По поводу моего упрека, что Белинский, ‘критик, других критиков называл критиканами’, г. Бродский направляет ко мне лирическое обращение: ‘Подумайте, современный критик, как иначе можно назвать тех’, кто в своих рецензиях говорил разные глупости, — ‘а ведь Белинский именно этих ‘критиков’ имел в виду’ (т. V, стр. 483-484).
На это я, современный критик, подумав, отвечаю: во-первых, не только на цитируемую Н. Л. Бродским страницу опирался я, во-вторых, какую бы нелепость ни печатали критики, другому критику не следует называть их критиканами: это не по-товарищески, в-третьих, уж если г. Бродский цитирует V т., 483 — 484-ю стр., то почему же он не прибавил, что там Белинский признаком ‘критикана’, т. е. необычайной глупостью, считает и такое мнение, в силу которого ‘печатно называют плохим’ роман Купера ‘Патфайндер’ — это, на оценку Белинского, ‘гениальное произведение, каким только ознаменовалась, после Шекспира, творческая деятельность’? И возникает опасный для Белинского вопрос, кто же в данном случае критик и кто — ‘критикан’?

* * *

Мы вообще далеко расходимся с Н. Л. Бродским во взглядах на Белинского. Оттого мой оппонент ‘только с удивлением пожимает плечами’ даже на такое мое невинное и неоспоримое мнение, что знаменитый критик ‘слишком цитирует’, ‘слишком пересказывает содержание книги’. Я вспоминаю добродушные слова Полевого, переданные Белинскому Кольцовым: ‘Я не знаю, что он за чудак такой (Белинский), пишет да и только — посмотрите, Бога ради — целые монологи, целые сцены из Гамлета, для чего это — не знаю, ведь Гамлета все знают. Довольно бы кажется, было два-три стиха для примера, а ниже сказать ‘и прочее’, вот докуда’. И как Белинский цитировал ‘Гамлета’, так он цитировал все.
Само собою разумеется, верный своему м, году, г. Бродский не забывает прибавить, что я сам таков, что это я чрезмерно цитирую. Здесь я позволю себе сказать два слова pro domo men, потому что в них будет содержаться и указание на Белинского. В ‘Montagsblatt der Si. Petersburger Zeitung’ от 19 февраля 1907 года я в статье г. Arthur Luther’a о моих ‘Силуэтах имел удовольствие прочесть, между прочим, такие строки (переведу их с немецкого): ‘Техника цитирования у большинства русских критиков такова, что, право, ее не слишком трудно усвоить себе… Даже Белинский, у которого поистине было что сказать своего, все-таки не обходился почти никогда без цитат в целые страницы.
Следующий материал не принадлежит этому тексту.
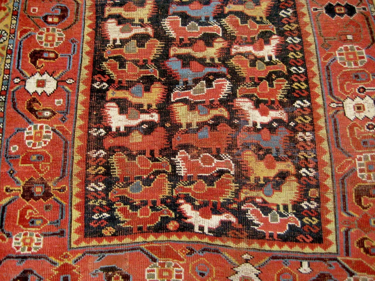 Long Khamseh 'chicken' rug; some condition issues, but dramatic and striking. Priced accordingly.

Метода Айхенвальда — совсем другая’.

* * *

Н. Л. Бродскому ‘не хочется говорить о странности мнения, будто Белинский ‘травил’ все время Полевого: подлинные статьи его красноречиво утверждают противное’.
Что ‘все время’, я не говорил (зачем же искажать мое утверждение?), а что ‘травил’ — да (именно совпадение этих слов у С. А. Венгерова и у меня, как мы видели, показалось Н. Л. Бродскому подозрительным).
Г. Ч. В — ский тоже в этой моей квалификации отношения Белинского к Полевому видит одно из проявлений моей ‘непомерной придирчивости’ и утверждает, что ‘ведь ‘травили’ Полевого, если здесь уместно это слово, за то, что он во второй половине деятельности примкнул к позорному в истории русского общества союзу Булгарина и Греча, Белинскому же принадлежит не только известная общая, глубоко сочувственная посмертная оценка Полевого в отдельной статье о нем, но подобная же в некоторых отношениях оценка дана также и при жизни Полевого в отзыве об ‘очерках русской литературы’…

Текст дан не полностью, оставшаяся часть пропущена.